My husband was actually asking about how to get some of them. (Pretty sure it's not easy because they are endangered.) And, I think if you _do_ have them, you're pretty much expected to breed them since they _are_ endangered right?

Maybe once we move and have the space to keep the 10g up, I'll get a pair and see how breeding goes.

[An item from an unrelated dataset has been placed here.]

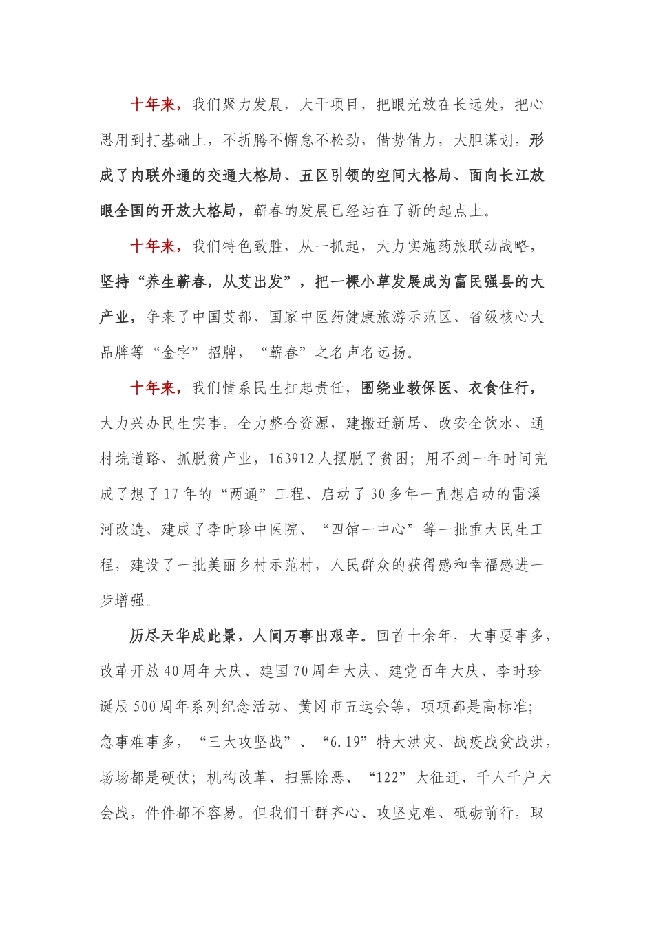 离任蕲春县委书记时感怀赵少莲(2021 年 6 月 7 日) 我是 2011 年 1 月 26 日来蕲春工作的,转眼已过十年,从四十出头到年过半百,回首过去的时光,感触很多很多。3786 个日日夜夜,放在蕲春悠久的...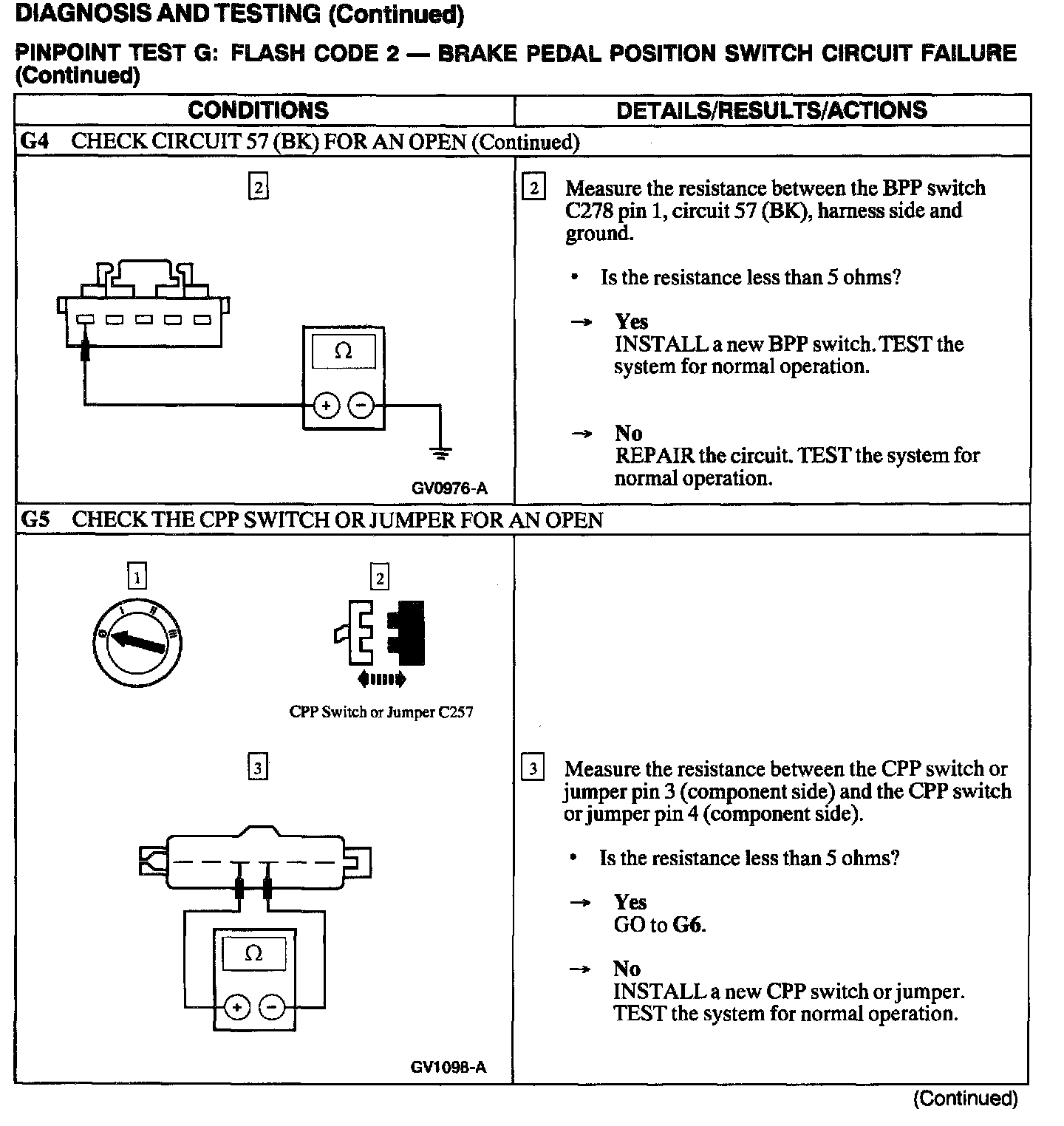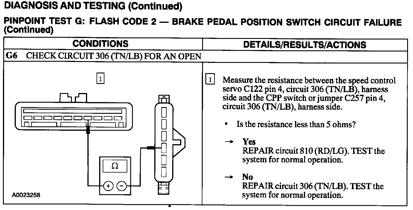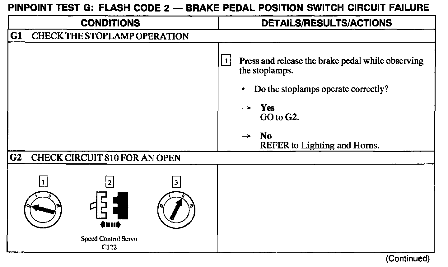 Test G: Flash Code 2 - Brake Pedal Position Switch Circuit Failure

How do you go about getting them? (From what I've heard, a pair is uber expensive.)


----------



## majerah1

The macs will need more than a ten.Honestly your not really expected to breed,just a wonderful thing if you do!They are becoming more common in the hobby,so the prices are much lower.When I first looked into them a single male was $180.00.My first three unsexed cost me shipping,because it was the shippers first time shipping fish.So i paid $65.00 for them.The last three had two known males and was supposed to be three,but sometimes on juveniles its hard to tell.I paid $50.00 for all three with the shipping included.So they are going down in price.

If i can find the ins and outs,I can send you some when mine breed.Not sure if I have to go through a transhipper or how that works.But usually you can look on aquabid for some,and I think there are some betta people in Canada who have some.If you want I can ask for you?

Or just move in across from me,hahaha!


----------



## holly12

I would move - we LOVED Virginia Beach (on our honey moon), but my husband says no, lol. 

I'll look around. Once we move maybe I can get a set up for some.


----------



## majerah1

Pshhht,hes just scared Ill fuel your aquatic addiction.


----------



## holly12

LOL! Maybe! Hahahaha!


----------



## majerah1

Wow,I guess the macs heard me thinking of breeding the other bettas.The new boy,and Bertha are going at it!This is his first spawn ever(or with me,so)so I dont expect him to hold,but wow,I feel special!


----------



## holly12

Cool! *Fingers crossed!


----------